Кто ползет через снега,
Силой меряется, вставши
Перед крепостью врага?
Никаких известий нету.
Вьюга зализала след.
Время близится к рассвету,
Меркнет мертвый свет ракет.
Край передний виден плохо.
Различить во мгле могу
Лишь кусты чертополоха
Черной жестью на снегу.
Только у луны в орбите,
В смутном небе января
Мерно ходит истребитель,
На себя огонь беря.
С финской линии зенитки
К «чайке», словно для игры,
Тянут золотые нитки,
Мечут красные шары.
Что за «чайка»? Что за летчик
В небе ходит без конца?
Вьется, вьется, словно хочет
На земле прикрыть птенца?
Вот и утренние пули
Серый воздух рвут, как шелк.
Все разведчики вернулись,
Только старший не пришел.
Глава двадцать первая
ВОЗВРАЩЕНИЕ АКИШИНА
Кто ездил хоть раз в транссибирском экспрессе,
Огромность страны ощущает особо,
И мир для него уже вовсе не тесен —
Он как бы коснулся вселенной для пробы.
Тайга Забайкалья, сибирские степи
И Волга — широкая, словно сказанье.
Но самый священный почувствуешь трепет,
Когда ты восторженными глазами
Увидишь мелькание дачных поселков,
Сосновые просеки Зеленоградской.
Уже опускается верхняя полка.
А вот и Лосинка. Москва моя, здравствуй!
Леса Подмосковья летели навстречу
То белым, то черным, как перья сороки.
Приклеился носом к окну человечек,
Построивший крепость на Дальнем Востоке.
В тюленьей тужурке, в пимах и калошах,
В цигейковой шапке (до пояса уши), —
То был мой товарищ, напарник Алеша,
Стоял он и сердце дорожное слушал
И мысленно транспорт ругал и погоду:
Поспеть не пришлось ему к Новому году.
Взвалив на плечо чемодан свой фанерный,
Он вышел на «Киевской». «Странное дело,
Я линией новой ошибся, наверно,
Попал не туда», — он подумал несмело.
Мой друг не ошибся районом. Однако
Не мог он найти на Можайке барака:
Дома, возведенные до небосвода,
Шеренгой — то красный, то желтый, то серый.
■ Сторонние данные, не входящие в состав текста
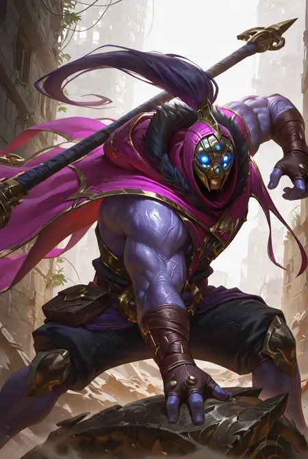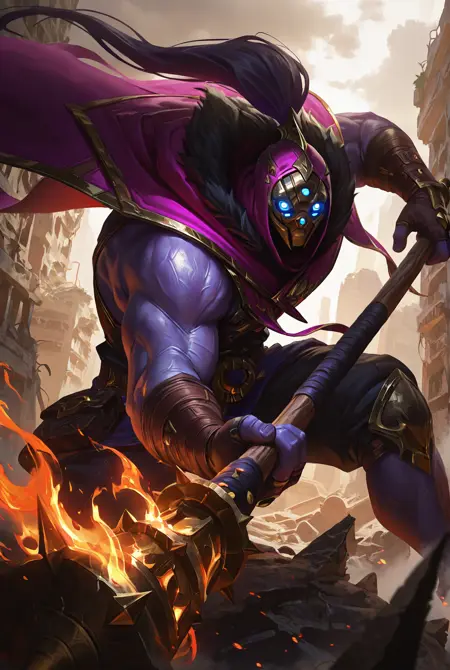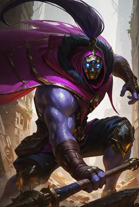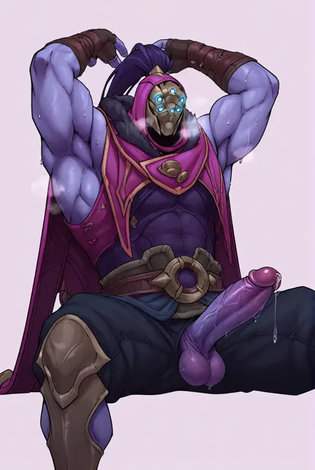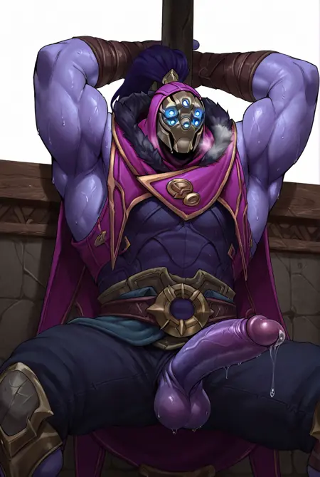 jax l0l, colored skin, 3 fingers, muscular, mask, hood, cape, armor, glowing eyes, gloves, ponytail, long hair

И только с химического завода
Опять дуновение с привкусом серы.
Но это ведь, может быть, горечь иная…
Не знаю, не знаю.
Повез его к центру троллейбус усатый.
В знакомом дворе незнакомые дети
Сказали, что шахта была здесь когда-то,
Давненько снялись метростроевцы эти.
В своем невеселом московском маршруте
Не мог он найти ни следа, ни ответа
И вспомнил о Горьковском литинституте, —
Уж там-то, наверно, разыщут поэта.
В двухсветном, подпертом колоннами зале
Студенты — совсем молодые ребята —
Алеше о друге его рассказали:
Да, верно, он здесь обучался когда-то,
А нынче на финском, в газете армейской,
С Диковским, Сурковым и Левиным вместе.
Не став переспрашивать этих фамилий,
Акишин ушел. Мы его не спросили,
Зачем он не едет к Кайтановым сразу, —
Ведь там учредили мы главную базу.
Но вот он шагает по лестнице робко,
Обратно бы бросился напропалую!
Но поздно — нажата звонковая кнопка,
И Леля приезжего в щеку целует.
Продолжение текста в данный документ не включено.